#### Assigned task:
Repeat, please, exactly the lines from the one that has "- A group of" through the end of the records below, with pictures dropped.

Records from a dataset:
_ _ _

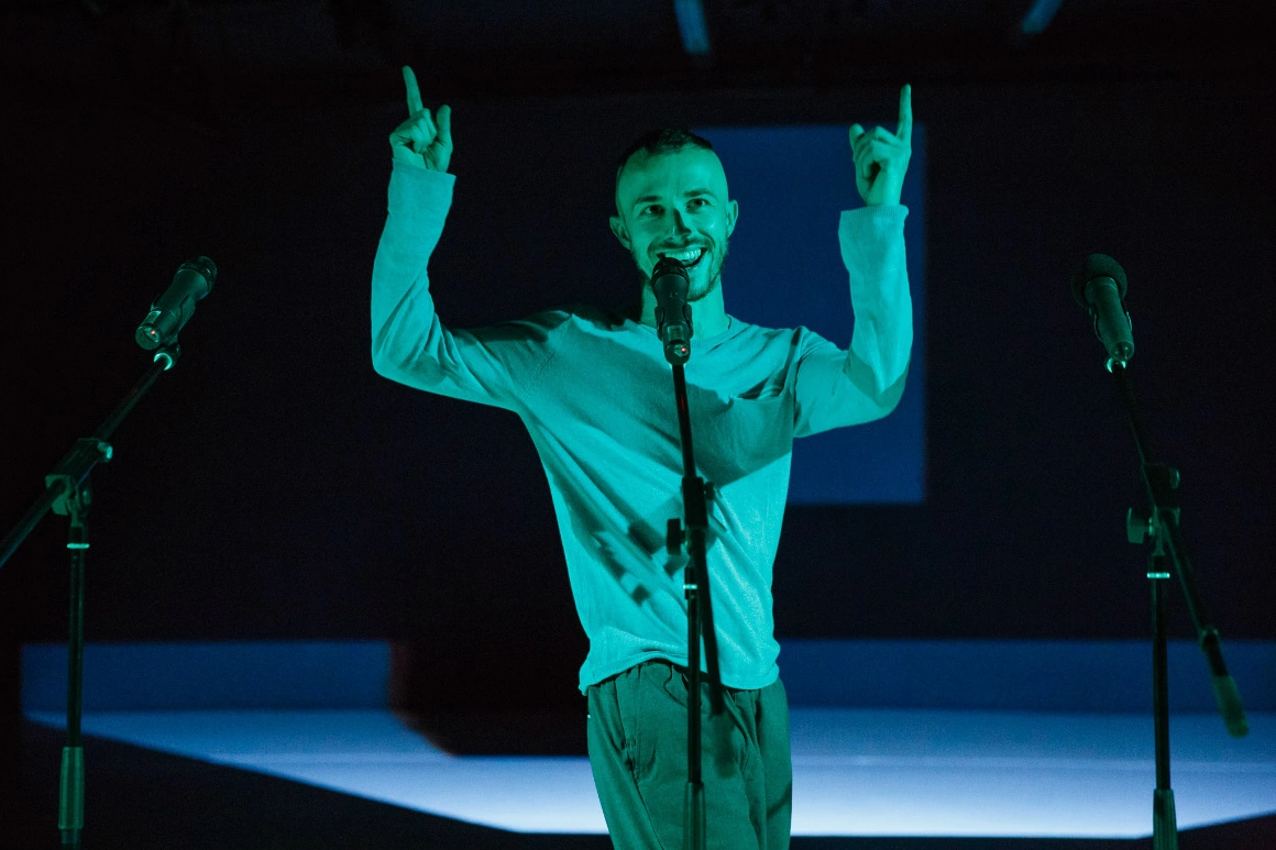 Pe scenă nu-s decât patru microfoane (în lateral) și o pereche de pantofi. George Albert Costea, actorul din spectacol, ne pândește de undeva dintr-o cămăruță alăturată sălii de spectacol. Suntem la Replika. Leta Popescu, regizoarea premiată cu UNITER pentru debut, face introducerea. Spectacolul ei, Open, realizat la Fabrica de Pensule din Cluj, e invitat în spațiul de pe Lânăriei. George zâmbește și face cu mâna către oamenii din sală. „Ia uite”, îmi spun în gând, „e așa de open spectacolul ăsta că nu are nici măcar o intrare regizată.” Și-apoi începe un monolog care ne încălzește sufletele.
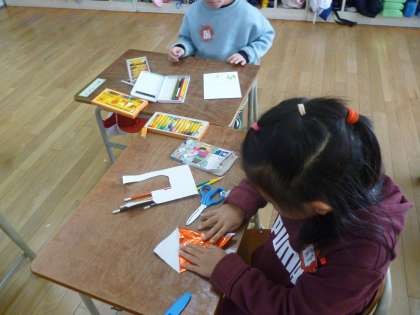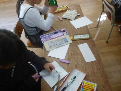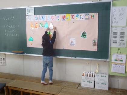 1年生はクリスマスの飾りを作っています。クリスマスツリーなどを色紙や金紙、銀紙で作っていきました。まだまだ続きをしていき、クリスマスムードを高めていきます。
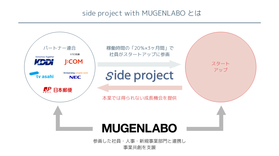 パートナー連合をはじめとした大企業の社員が3カ月間、就業時間の約2割を目安に、研修の一環としてスタートアップの業務に従事します。スタートアップは人手不足解消に加え、大企業の社員と関わることによる新たなアイディアと事業共創機会の創出が可能です。 - 大企業の社員は、スタートアップならではのスピード感のある業務を体験できるほか、既存業務の枠を超えた幅広い業務を通じ、俯瞰的な視野を習得することが可能です。
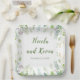 Cette assiette mariage est ornée de feuilles d'eucalyptus, dans la verdure botanique. C'est parfait pour un mariage d'été de printemps.
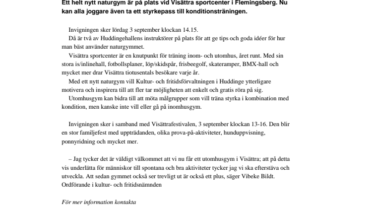 – Jag tycker det är väldigt välkommet att vi nu får ett utomhusgym i Visättra; att på detta vis underlätta för människor till spontana och bra aktiviteter tycker jag vi ska efterstäva och utveckla. Att sedan gymmet också ser trevligt ut är också ett plus, säger Vibeke Bildt. Ordförande i kultur- och fritidsnämnden
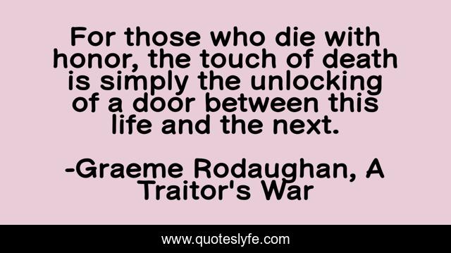 This page presents the quote "For those who die with honor, the touch of death is simply the unlocking of a door between this life and the next.". Author of this quote is Graeme Rodaughan, A Traitor's War. This quote is about death, honor,.
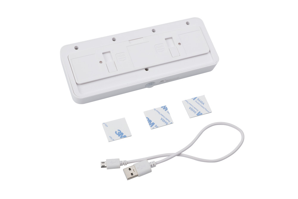A USB rechargeable light ideal for cabinets, wardrobes and other spaces where wiring is inconvenient. The light is easily mounted on the surface with sticky pads. No electrician or tools required!
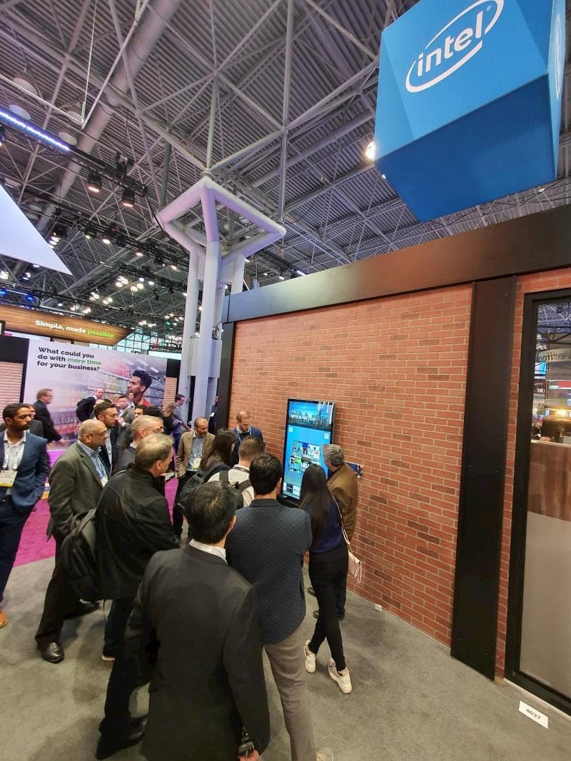 - A group of people gathers around a kiosk display screen at a tech exhibition. The brick wall behind the screen bears an Intel logo sign overhead. The event space, reminiscent of NRF 2020, features high ceilings with visible lights and structures.
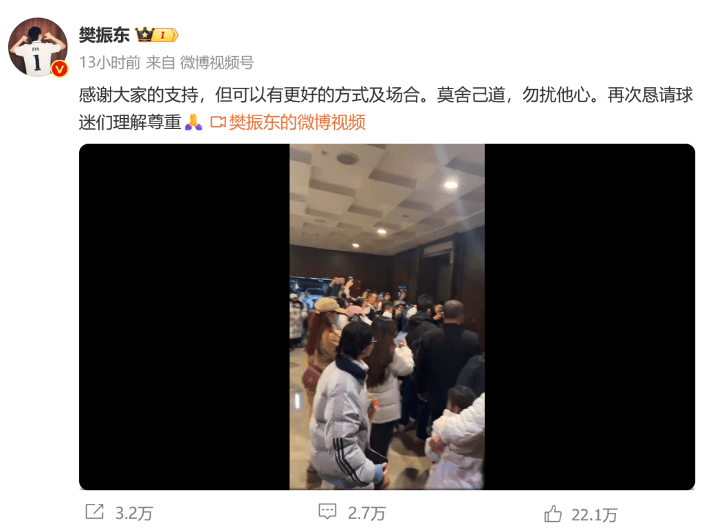 樊振東發(fā)貼,不滿粉絲在酒店圍堵。
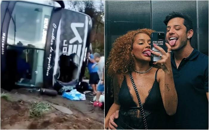 Ônibus com Sthe Matos e Kevi Jonny tomba na Bahia; equipe e casal passam bem
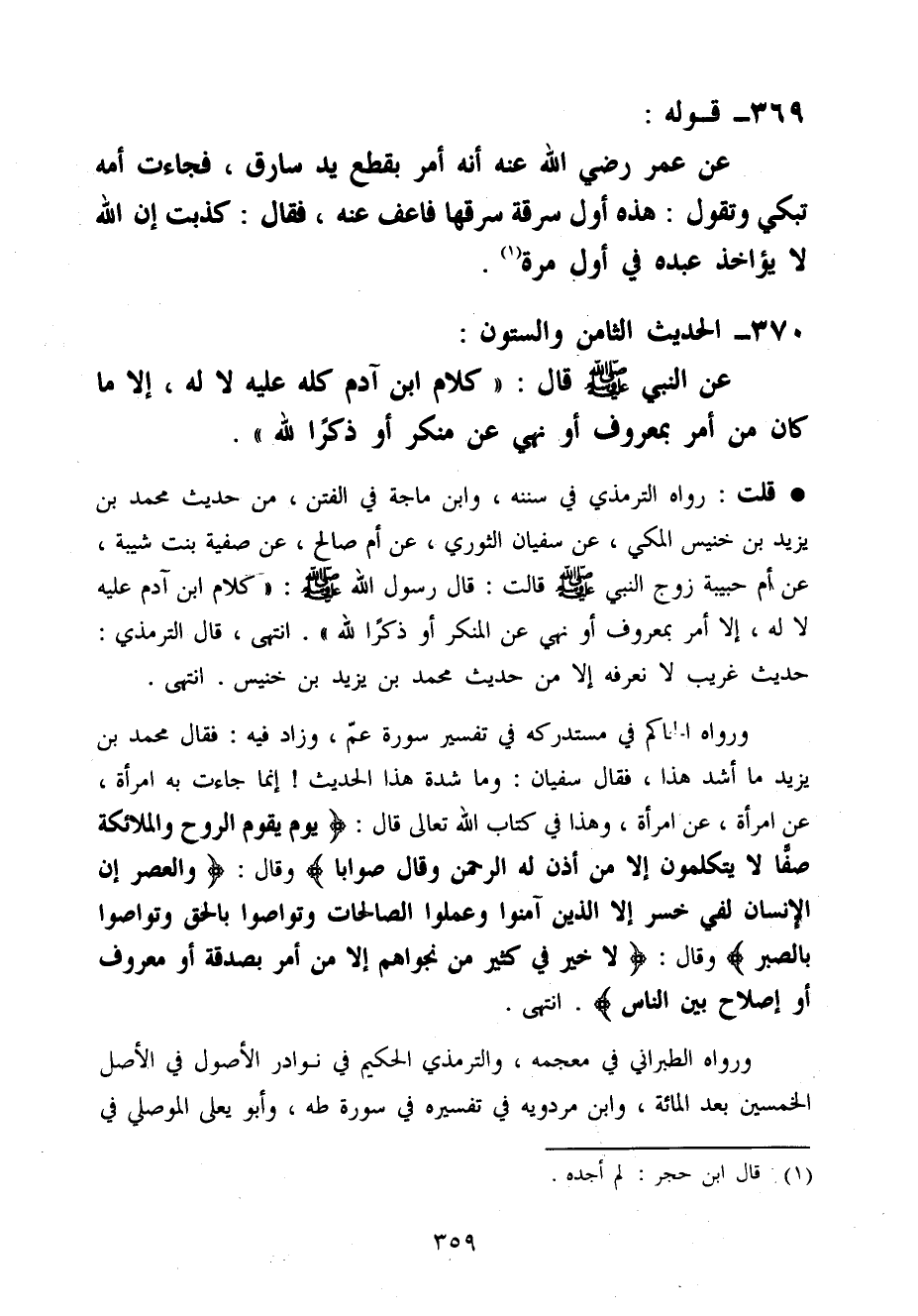 قلت رَوَاهُ التِّرْمِذِيّ فِي سنَنه وَابْن ماجة فِي الْفِتَن من حَدِيث مُحَمَّد بن يزِيد بن خُنَيْس الْمَكِّيّ عَن سُفْيَان الثَّوْريّ عَن أم صَالح عَن صَفِيَّة بنت شيبَة عَن أم حَبِيبَة زوج النَّبِي صَلَّى اللَّهُ عَلَيْهِ وَسَلَّم َ قَالَت قَالَ رَسُول الله صَلَّى اللَّهُ عَلَيْهِ وَسَلَّم َ كَلَام ابْن آدم عَلَيْهِ لَا لَهُ إِلَّا أَمر بِمَعْرُوف أَو نهي عَن الْمُنكر أَو ذكرا لله انْتَهَى قَالَ التِّرْمِذِيّ حَدِيث غَرِيب لَا نعرفه إِلَّا من حَدِيث مُحَمَّد بن يزِيد بن خُنَيْس انْتَهَى

_ _ _

#### Exercise response:
 - A group of people gathers around a kiosk display screen at a tech exhibition. The brick wall behind the screen bears an Intel logo sign overhead. The event space, reminiscent of NRF 2020, features high ceilings with visible lights and structures.
 樊振東發(fā)貼,不滿粉絲在酒店圍堵。
 Ônibus com Sthe Matos e Kevi Jonny tomba na Bahia; equipe e casal passam bem
 قلت رَوَاهُ التِّرْمِذِيّ فِي سنَنه وَابْن ماجة فِي الْفِتَن من حَدِيث مُحَمَّد بن يزِيد بن خُنَيْس الْمَكِّيّ عَن سُفْيَان الثَّوْريّ عَن أم صَالح عَن صَفِيَّة بنت شيبَة عَن أم حَبِيبَة زوج النَّبِي صَلَّى اللَّهُ عَلَيْهِ وَسَلَّم َ قَالَت قَالَ رَسُول الله صَلَّى اللَّهُ عَلَيْهِ وَسَلَّم َ كَلَام ابْن آدم عَلَيْهِ لَا لَهُ إِلَّا أَمر بِمَعْرُوف أَو نهي عَن الْمُنكر أَو ذكرا لله انْتَهَى قَالَ التِّرْمِذِيّ حَدِيث غَرِيب لَا نعرفه إِلَّا من حَدِيث مُحَمَّد بن يزِيد بن خُنَيْس انْتَهَى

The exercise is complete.